Silver (Ag) has been widely used in commercial products and medical fields since ancient times because of its antibacterial effect. It is harmless and non-toxic to the human body. For this reason, recent research has actively evaluated antimicrobial activity using silver (Ag). In this study, we investigated the inhibitory effect of a silver-based compound, silver phosphate ($Ag_3PO_4$) on the growth of Staphylococcus aureus and the activation of human immunity. First, the inhibitory effect of $Ag_3PO_4$ on the growth of Staphylococcus aureus was confirmed by a growth curve and a colonyounting method. As a result, the growth inhibitory effect increased as the concentration of $Ag_3PO_4$ increased. Specifically, treatment with $5{\mu}g/mL$ of $Ag_3PO_4$ resulted in no bacteria growth, and the colony-counting method showed a remarkable inhibition.

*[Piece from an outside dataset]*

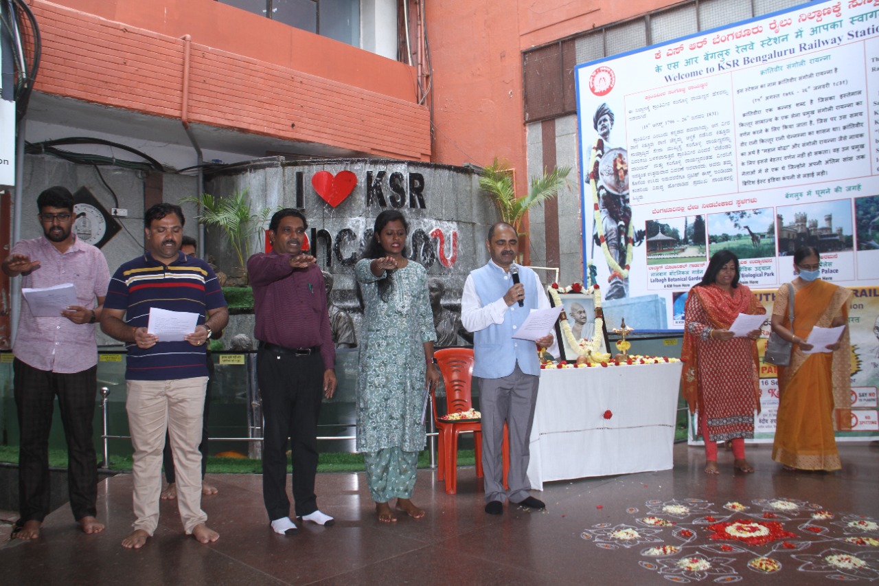 ಇದಕ್ಕೂ ಮುನ್ನ ನಡೆದ ಗಾಂಧಿ ಜಯಂತಿ ಕಾರ್ಯಕ್ರಮದಲ್ಲಿ ನೈಋತ್ಯ ರೈಲ್ವೆ ಬೆಂಗಳೂರು ವಿಭಾಗದ ವಿಭಾಗೀಯ ರೈಲ್ವೆ ವ್ಯವಸ್ಥಾಪಕ ಶ್ಯಾಮ್ ಸಿಂಗ್ ಮಹಾತ್ಮ ಗಾಂಧೀಜಿಯವರ ಭಾವಚಿತ್ರಕ್ಕೆ ಪುಷ್ಪ ನಮನ ಸಲ್ಲಿಸಿದರು. ಇದೇ ವೇಳೆ ಸ್ವಚ್ಛತೆಯ ಕುರಿತಂತೆ ಪ್ರತಿಜ್ಞಾವಿಧಿ ಬೋಧಿಸಿದರು. ಇದರಲ್ಲಿ ರೈಲ್ವೆ ಅಧಿಕಾರಿಗಳು, ಸಿಬ್ಬಂದಿ ಹಾಗೂ ಸಾರ್ವಜನಿಕರು ಭಾಗವಹಿಸಿದ್ದರು.
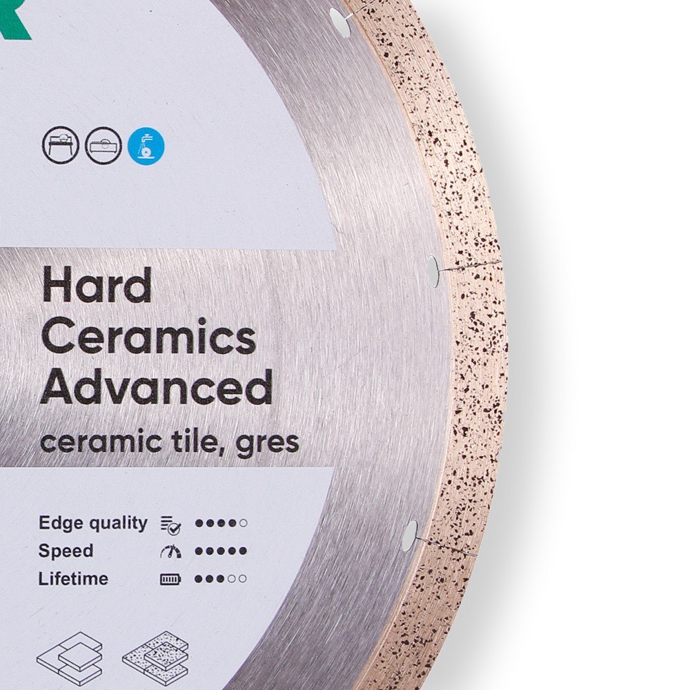 Keramik av tjocklek mer än 20 mm blir mer och mer populär eftersom produktionsbolagen ständigt arbetar med att dess tjocklek ökar såväl som dess slitage och frostbeständighet. Så, inte varje diamantblad kommer att kunna bearbeta sådant material. Hard ceramics advanced är vårt nya blad speciellt skapat för skärning av tjock keramisk granit. Grafitflisor i sin metallbindning skapar en finporerad struktur och fungerar som ett hårt smörjmedel. Lasersegmentering av diamantskiktet minskar den termiska belastningen på bladet. Arbeta endast med vattenkylning.

In addition, the expression of cytokine IL-8 by $Ag_3PO_4$ was examined to investigate the cellular immune system activation by $Ag_3PO_4$. After pretreatment of Staphylococcus aureus for 1 hour with $50{\mu}g/mL$ $Ag_3PO_4$, an increased IL-8 mRNA expression resulted. In cells treated with $Ag_3PO_4$, we found that the expression of IL-8 was enhanced in a time-dependent fashion compared to non-treated cells. These results indicate that $Ag_3PO_4$ induces antimicrobial activity against Staphylococcus aureus and activates human immunity. These results are expected to contribute to the future study of the mechanism of silver (Ag) and silver-based compounds in relation to antibacterial activity.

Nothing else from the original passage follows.